Why not treat the whole calendar system of ancient Greece at once?
Simply because we will first address the calendar of religious festivals, and almost every Greek city had its own festivals and, therefore, its own month names and year start.
As early as the 4th century BCE, Aristoxenus of Tarentum, philosopher and musician, wrote that "when the Corinthians are on the tenth day, the Athenians are only on the fifth, while others are on the eighth" (Elem. harmon.). Plutarch later wrote:
“Aristides, §58: They fought this battle on the fourth day of Boedromion according to the Athenians, but on the twenty-seventh of Panemus according to the Boeotians; [...] We should not be surprised by this irregularity in Greek months, since even in our own time, when astronomy is more developed and more exact, some begin their months when others end theirs.
With that clarified, let us get to the heart of the subject.
In search of the Great Year
Let me remind you of two figures we will keep chasing throughout this study of Greek calendars:
Tropical year: 365.2421904 days; Lunation: 29.5305882 days.
I say we, but that does not mean this pursuit was the favorite pastime of Greeks in antiquity. It was mainly the business of astronomers, and their discoveries had little - if any - impact on daily life.
I titled this section “In search of the Great Year”. This expression, borrowed from Censorinus (De die natali, XVIII), refers to the period that would reconcile lunar months with solar years. In a Great Year made of x solar years, there would be an integer number of lunar months. In short: a search for squaring the circle.

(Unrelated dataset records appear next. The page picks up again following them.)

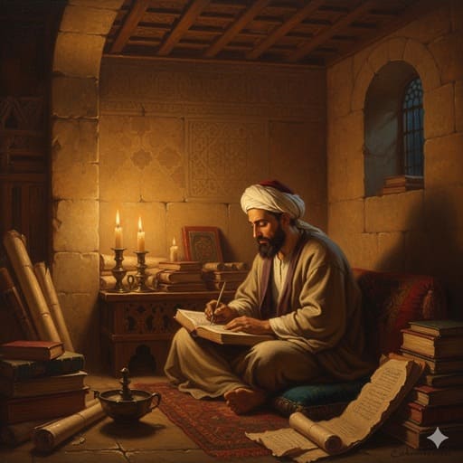 Prompt Gambar 4: Ilustrasi Ibnu Atha’illah al-Sakandari sedang menulis kitab Al-Hikam di sebuah ruangan yang tenang dengan cahaya lilin, dikelilingi oleh gulungan-gulungan naskah. Gaya lukisan klasik, suasana kontemplatif.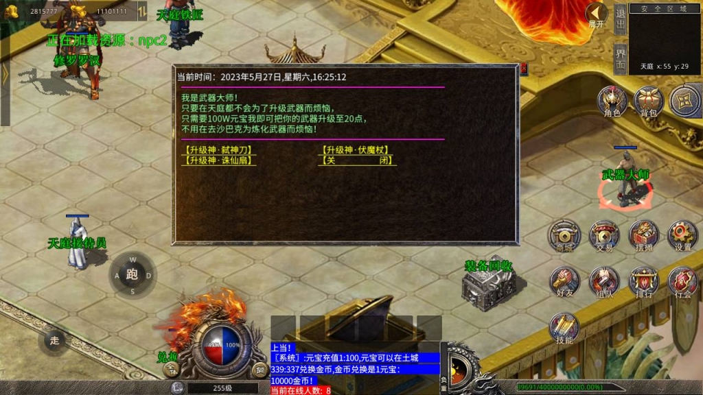 【武器升级】:本服武器可以升20点,成功几率60%左右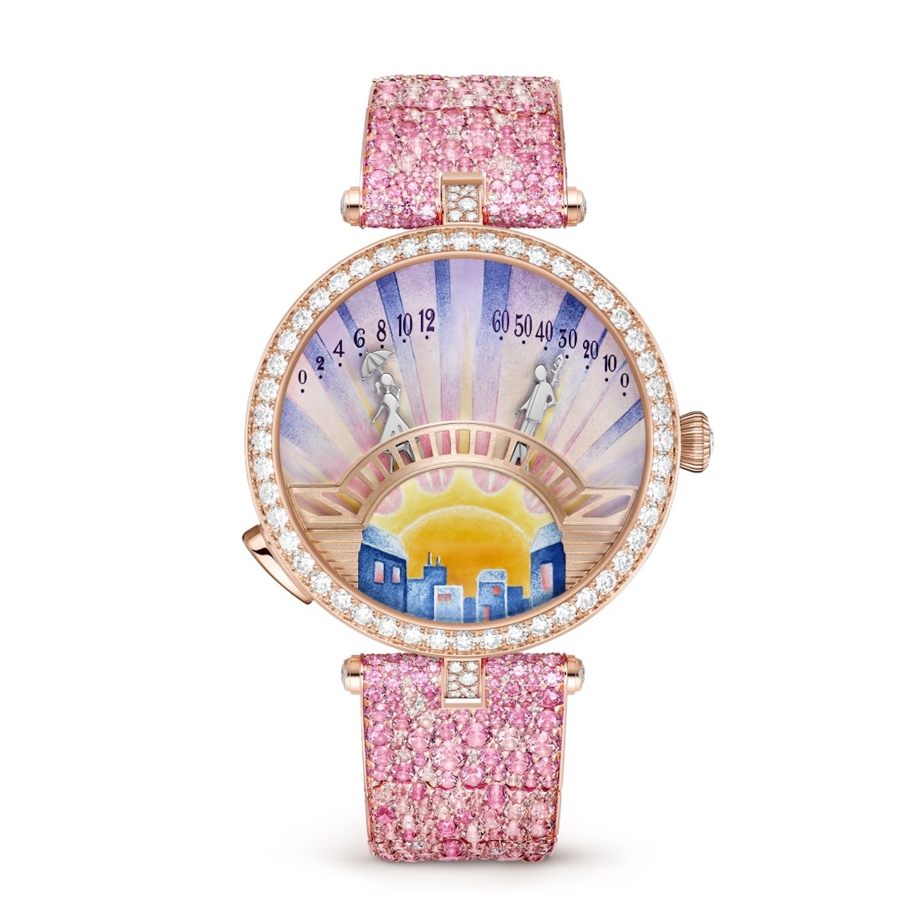 Cũng trong năm 2025, Van Cleef & Arpels khắc họa đôi tình nhân gặp nhau vào những khoảnh khắc khác nhau trong ngày, cụ thể là bình minh, buổi sáng, hoàng hôn và đêm trăng. Các mặt số là một cảnh tượng ngoạn mục, được chế tác bằng kỹ thuật tráng men grisaille màu. Một bảng màu nước tinh tế khắc họa thành phố vào những thời điểm khác nhau vào lúc ngày và đêm. Khi bình minh, những tia nắng len lỏi qua các tòa nhà trong một chùm sáng rực rỡ của các sắc vàng, cam, tím và hồng, trong khi bầu trời lấp lánh trong một dải màu chuyển sắc vạn hoa của tím, hồng và cam khi mặt trời lặn.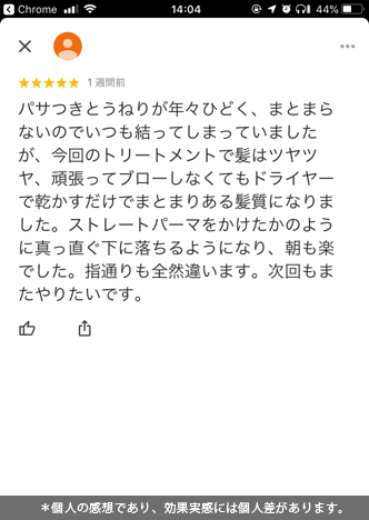 【1つ目の約束】すべてのお客様にオーダーメイドな髪質改善/縮毛矯正を。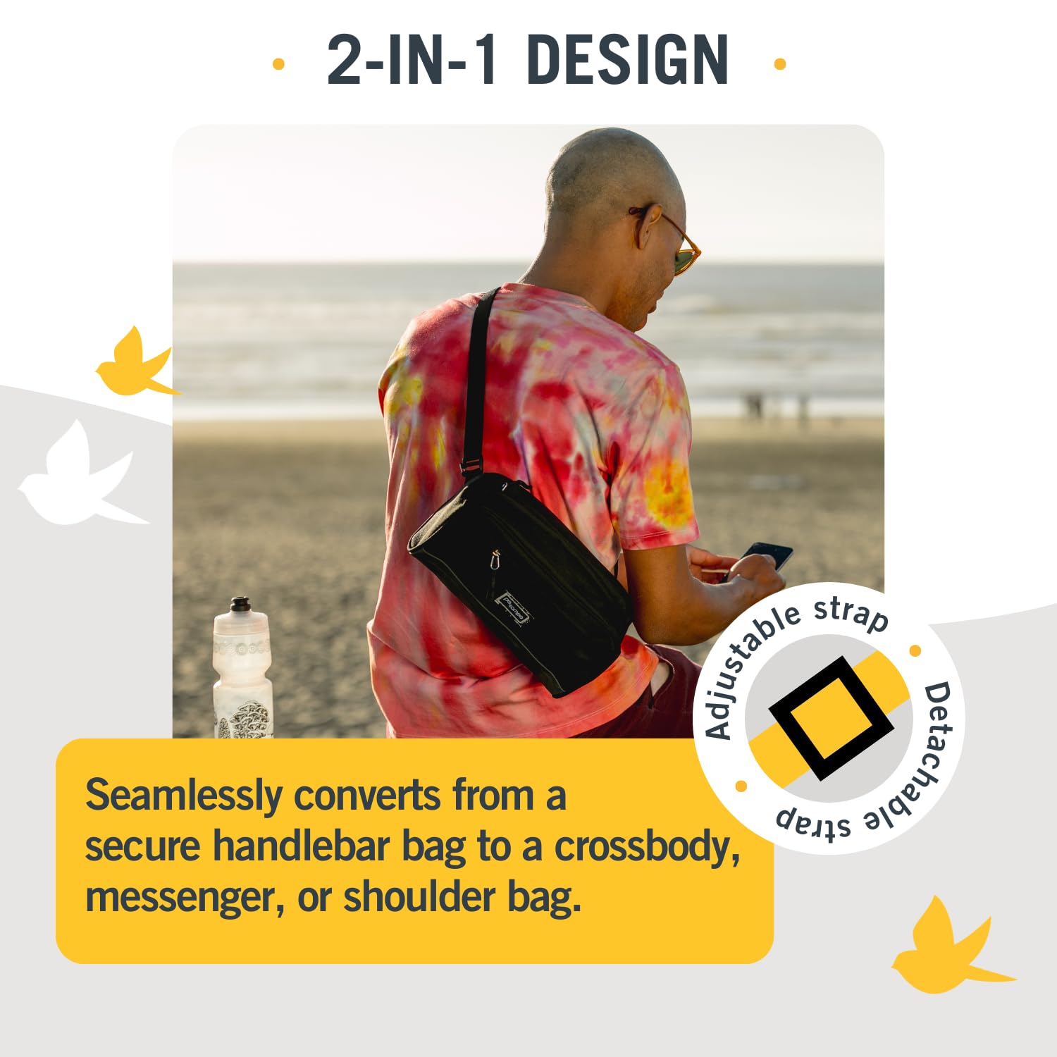 - STYLISH AND VERSATILE – Durable enough for a rough bike commute and fashionable enough for the office, the Domino Handlebar Bag has a detachable strap and can wear as a crossbody purse, messenger bag or shoulder bag for men, women, all adults.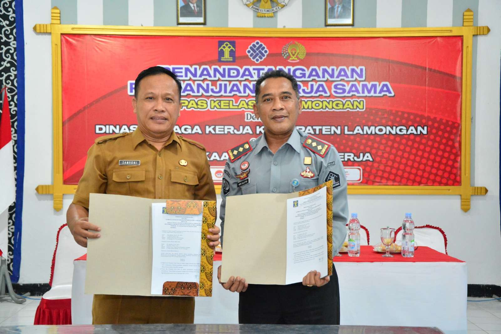 Penandatanganan Perjanjian Kerja Sama (PKS) serta Pembukaan Pelatihan Kerja tersebut dilaksanakan di Ruang Aula Lapas Lamongan serta dilakukan langsung oleh Kepala Lapas (Kalapas) Lamongan, Heri Sulistyo, bersama Kepala Dinas Tenaga Kerja Kabupaten Lamongan, Zamroni.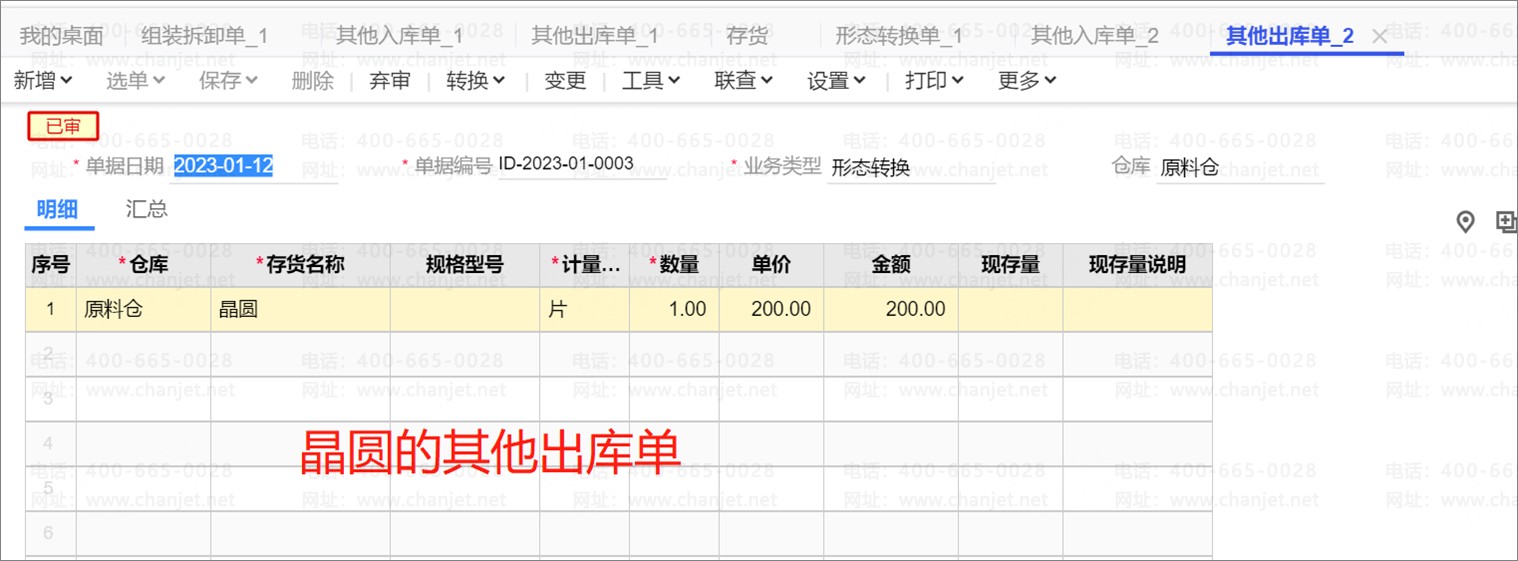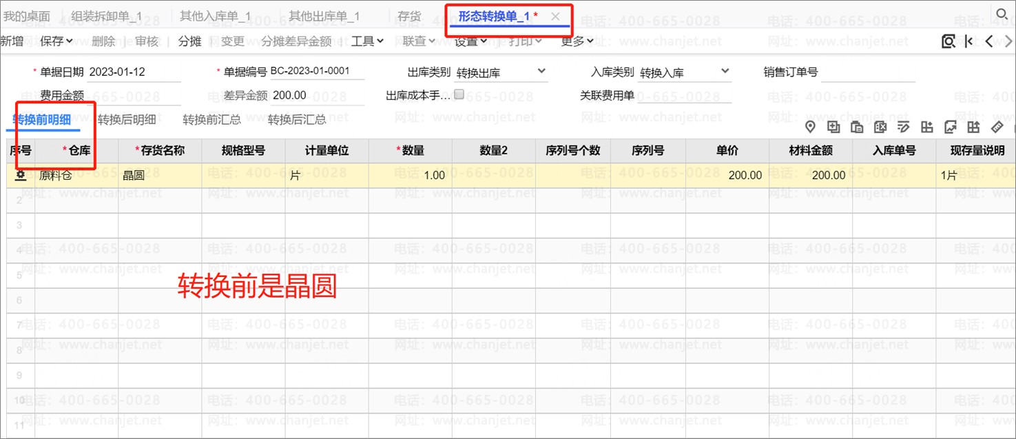场景:公司现在要将晶圆发出去切割成裸芯,但是每块晶圆都不知道能切多少块出来,只能事后通过形态转换单进行处理。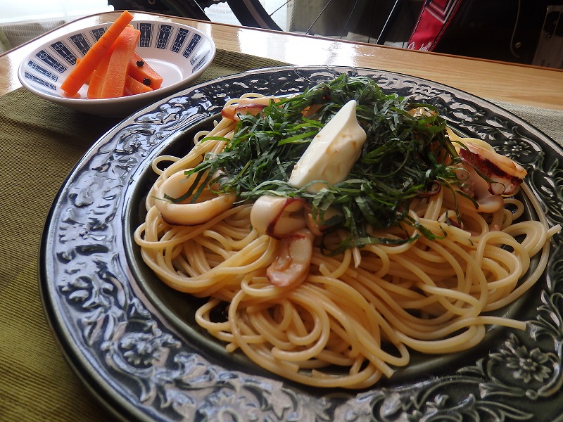 <剣先イカと大葉のバター醤油スパゲティ、人参のピクルス>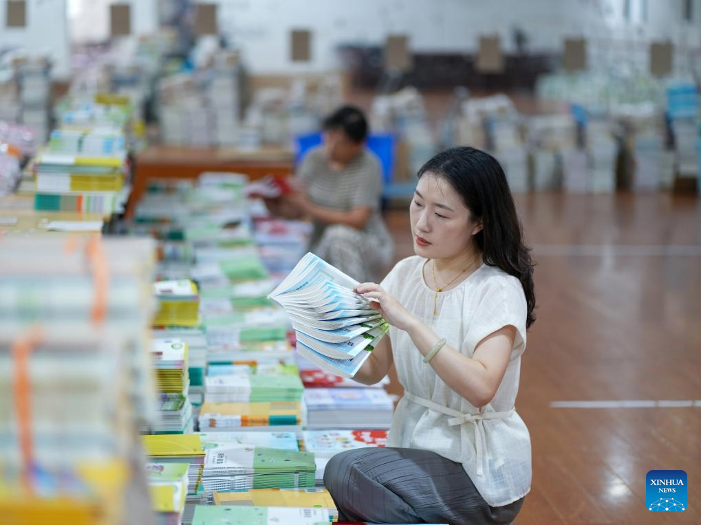 Faculty members sort out textbooks for the upcoming new semester at a school in Wuhan City, central China's Hubei Province, Aug. 16, 2025. Schools and bookstores across the country are getting textbooks ready for the upcoming new semester. (Photo by Zhao Jun/Xinhua)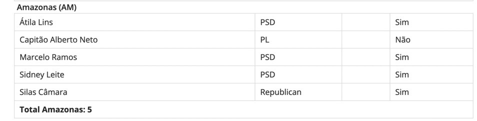 O deputado Federal Capitão Alberto Neto (PL) e o senador Plínio Valério (PSDB) garantem que votaram contra o Projeto de Decreto Legislativo, enquanto o resto da bancada amazonense mantém silêncio sobre o fato. A apuração sobre quem votou a favor da PDL 471/2022 é ainda mais complicada, uma vez que a votação não foi nominal, impedindo a consulta para saber que parlamentares votaram a favor da mudança. No entanto, é possível ver quem votou a favor da Urgência do Projeto.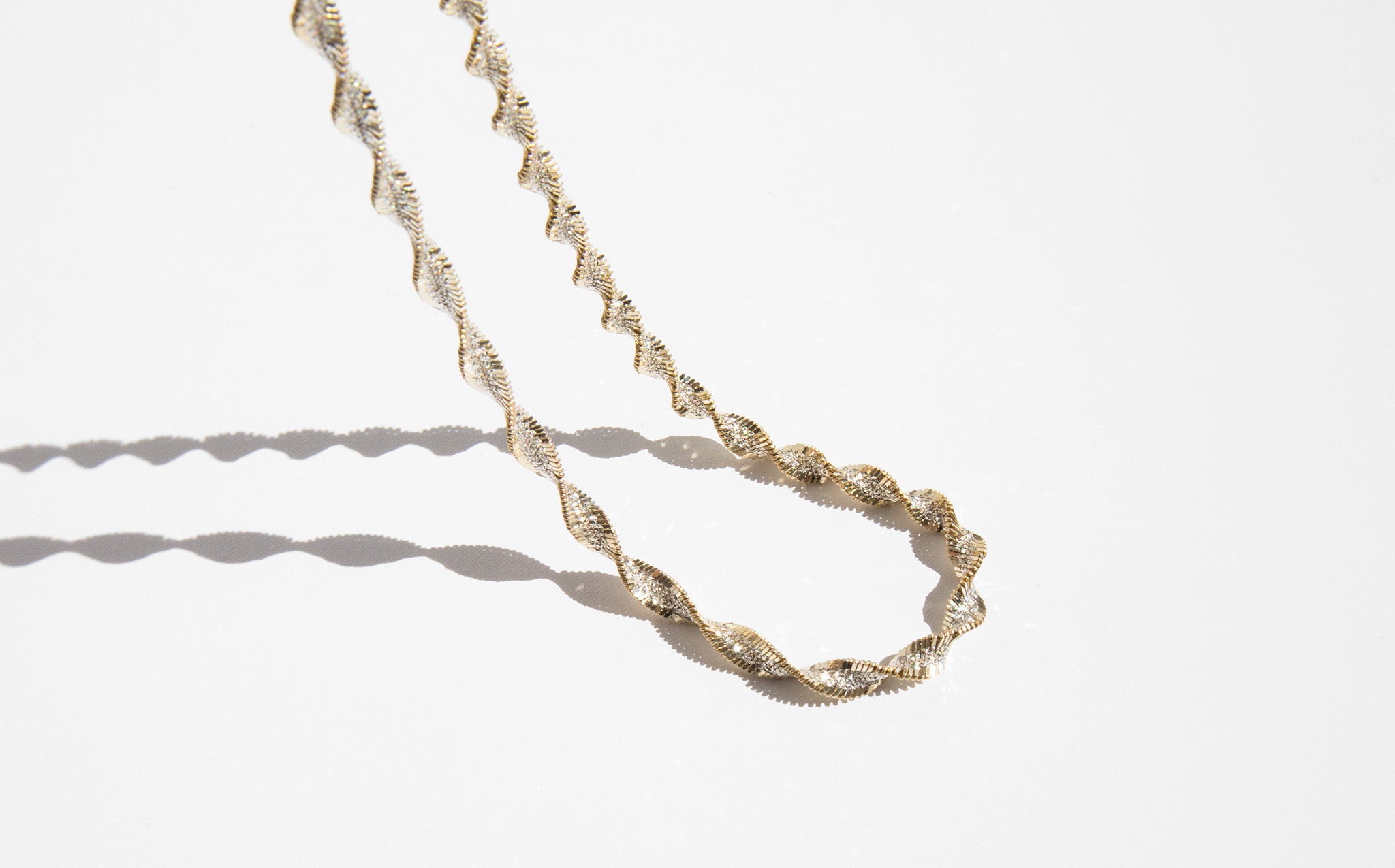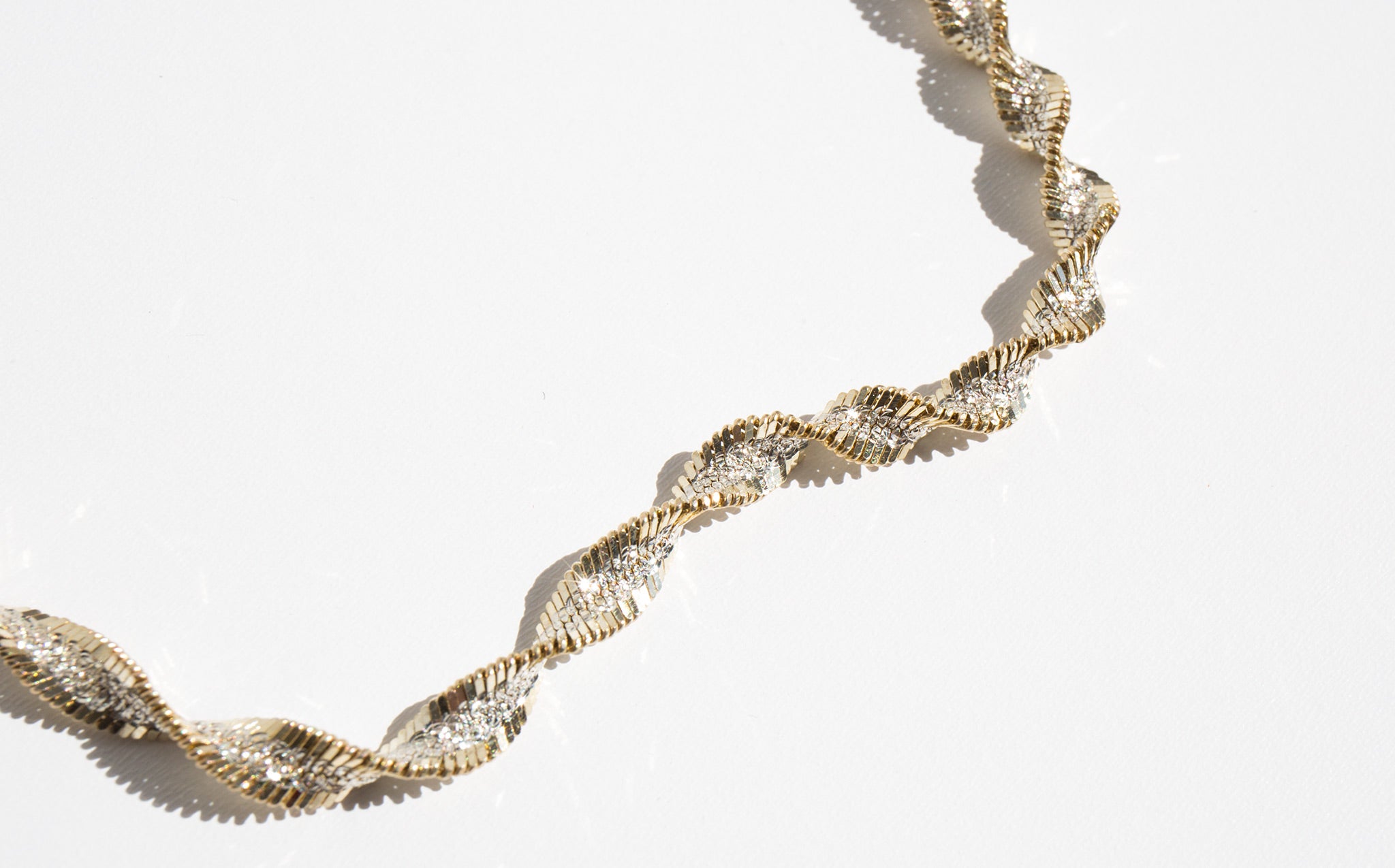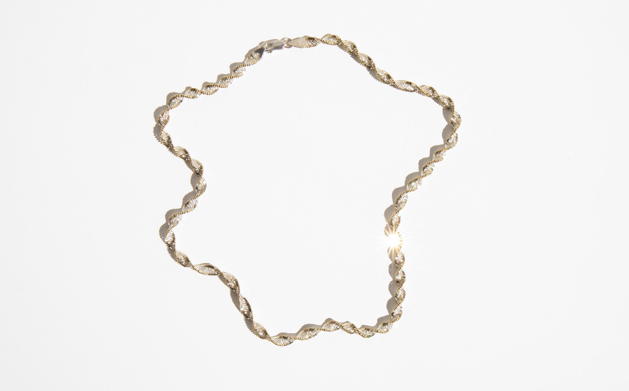 Strikingly sparkly, sterling silver rope chain with gold tone detailing – a perfect, eye catching accent worn alone and a fantastic layering piece for both gold and silver.

Let Geminus (Introduction to Celestial Phenomena) explain why one needed to build a... lunisolar calendar (there, it is said!):
“The ancients sought to regulate laws by the Moon and years by the Sun. For the three kinds of sacrifices prescribed by laws and oracles, according to ancestral custom, were those to be performed month by month, those fixed on specific days, and those returning only once a year. So all Greeks tried to align years with the Sun, and days and months with the Moon. They tried to align years with the Sun so that sacrifices to the gods were always made in the same seasons of the year, so that the sacrifice meant for spring was truly made in spring, and that of summer in summer [...]
Greeks therefore had to keep the solar year and lunar months in phase for religious reasons.
Agricultural calendars
What about daily life? What about seasonal agricultural tasks?
For centuries, practical-life calendars (called parapegmata) linking daily work to simple astronomical events were highly successful and multiplied. It is striking that renowned scholars (Meton, Eudoxus, Callippus, Hipparchus...) contributed to them, since these were mostly solar calendars while, at the same time, they were struggling to reconcile the two figures mentioned above into a strict lunisolar calendar.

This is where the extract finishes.